Sweetness in the Belly
Page 5
Gishta pointed at one, but I shook my head. Too gaudy.
I pointed at another, but Gishta shook her head. Too plain?
Nouria pulled an elegant but simple veil of swirling soft greens and blues off a hook, at which Gishta and I nodded our approval in unison. Nouria threw it loosely over my head and draped the end over my left shoulder, Harari-style. Gishta boldly dug into my pocket, acquainting herself with just how much money I had left, before handing over a couple of greasy bills to the amused merchant.
Hussein came to visit me at Nouria’s compound after our visit to the mosque that day, possessed with a confidence I had not seen in all the years I had known him: an aura of calm, as if overnight he’d outgrown the insecurities of an extended adolescence and become a man. His adolescence had begun with steps backward leading to steps forward, which ultimately led to steps beyond. Our first walk outside the walls of the Great Abdal’s compound had been to the small shrine of a nameless saint nestled in a cluster of palms on the other side of Tamegroute. Hussein had had to bend in half to fit through the door. I followed him in, but even I could barely stand up. It was very dark, but I could make out an old man sitting cross-legged in the corner of the room. He was swaying back and forth as he recited Qur’an.
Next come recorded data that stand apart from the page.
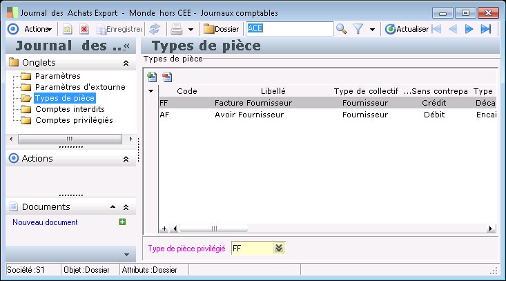 Un ou plusieurs types de pièce peuvent être rattachés aux journaux comptables. Pour chaque journal, on indiquera un type de pièce privilégié qui sera proposé par défaut en saisie des écritures suite au choix du journal. Il sera alors possible de modifier le type de pièce proposé par défaut en choisissant parmi la liste des types de pièce rattachés au journal.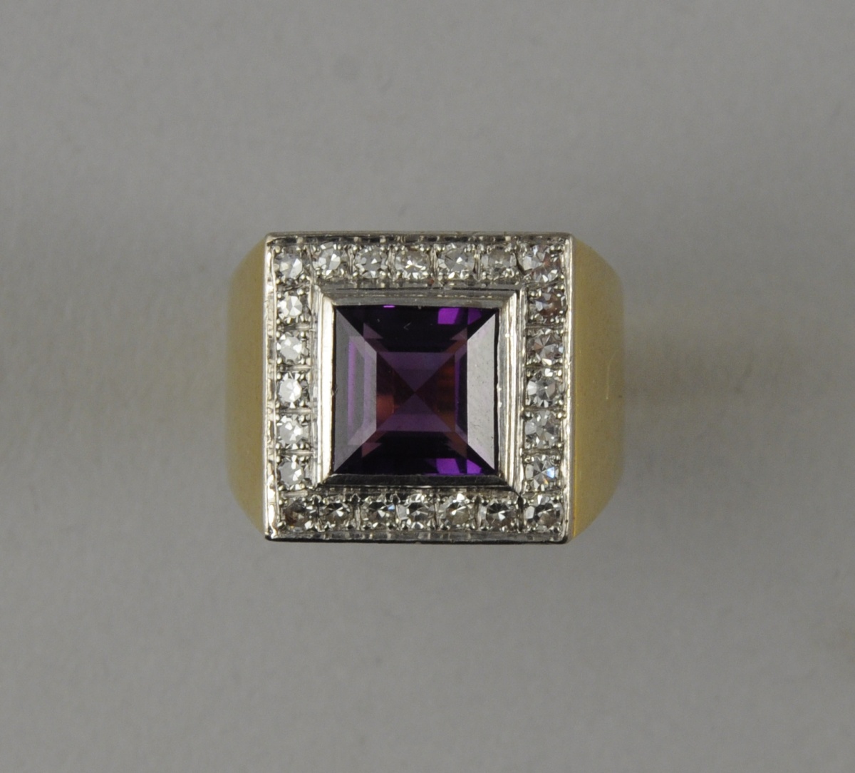 BAGUE en or jaune sertie d'une améthiste carrée dans un entourage de petits diamants. Poids brut : 15,8 g.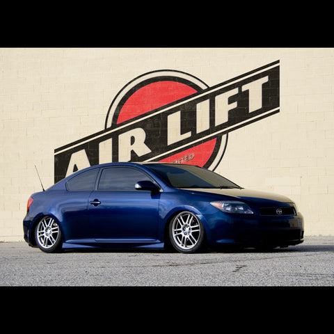Height Adjustment Range / Lowering Capability: Up to 5" Air Lift Performance Suspension Kits allow you to improve your handling and take complete control of your suspension. Want to have that slammed look, but still be able to drive to work? Air Lift Performance Suspension Kits give you options and are far easier to deal with than coilovers. Coilovers are harder to adjust and just don't have the same versatility as air. Go from slammed to going to work. After work, a simple adjustment makes those wheel well gaps disappear in seconds. Air Lift Performance Suspension Kits are air-over shock kits. They are designed to give you maximum performance thanks to a 9 way adjustable damping system that was previously only found on extremely high end coil overs. Don't be one of those people who destroys their undercarriage because they don't have the abilities that Air Lift kits do, not to mention the smoother ride. Air Lift Performance Suspension Kits include a 1 year unlimited mileage warranty. The part number for this item is 75587 and it fits 2004-2010 Scion tC . This is a FRONT Kit.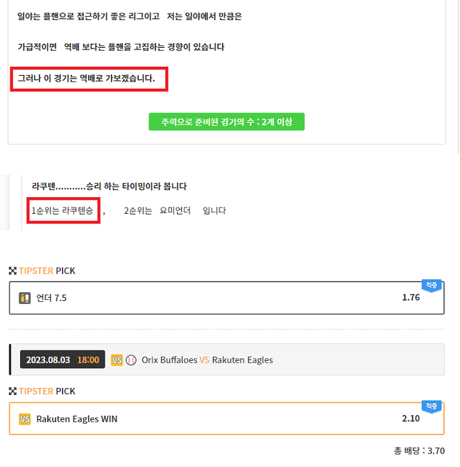 모든 분석은 그렇게 밖에 나올수가 없어요   오릭스승 안나오면 이상한 경기입니다

Hussein approached him midrecitation, took the man’s hand from his lap and kissed the back of it. He then untied the incense crystals he had bought from a blind Berber woman in the market from the knot in the corner of his wool cloak and laid them at the man’s feet. The man picked up the incense and threw it with dramatic flourish into a small clay pot of coals, engulfing us in a sweet, sticky cloud so thick and gray that I could see nothing anymore.
“Hussein?” I said tentatively. “Hussein?” I said a little louder when he failed to answer.
“What do you see, Lilly?” he asked.
“I don’t see anything.”
“Exactly.” He sighed. “The presence of God. Isn’t it beautiful?”
In the presence of God, nothing particularly extraordinary had happened, but perhaps that was the point. I had not sensed God in that moment, but I had seen Hussein’s awe and desire. That’s all I was: his witness. But to be seen in the dark is to be reborn.
He had been superstitious, connecting the path to wellness with my presence, keeping me by his side even though it conflicted with his aspirations as a Sufi. “Earthly love is a distraction,” he’d told me long ago when I’d tried to talk to him about my parents. “All our love should be for Allah. This is the Sufi way. It is good to be freed from earthly love. It is good for a Muslim. It is good for Allah. It is good for you. Do not worry. Allah will fill your heart. You mustn’t grieve. It is as Rumi said: ‘Anything you lose comes round in another form.’ ”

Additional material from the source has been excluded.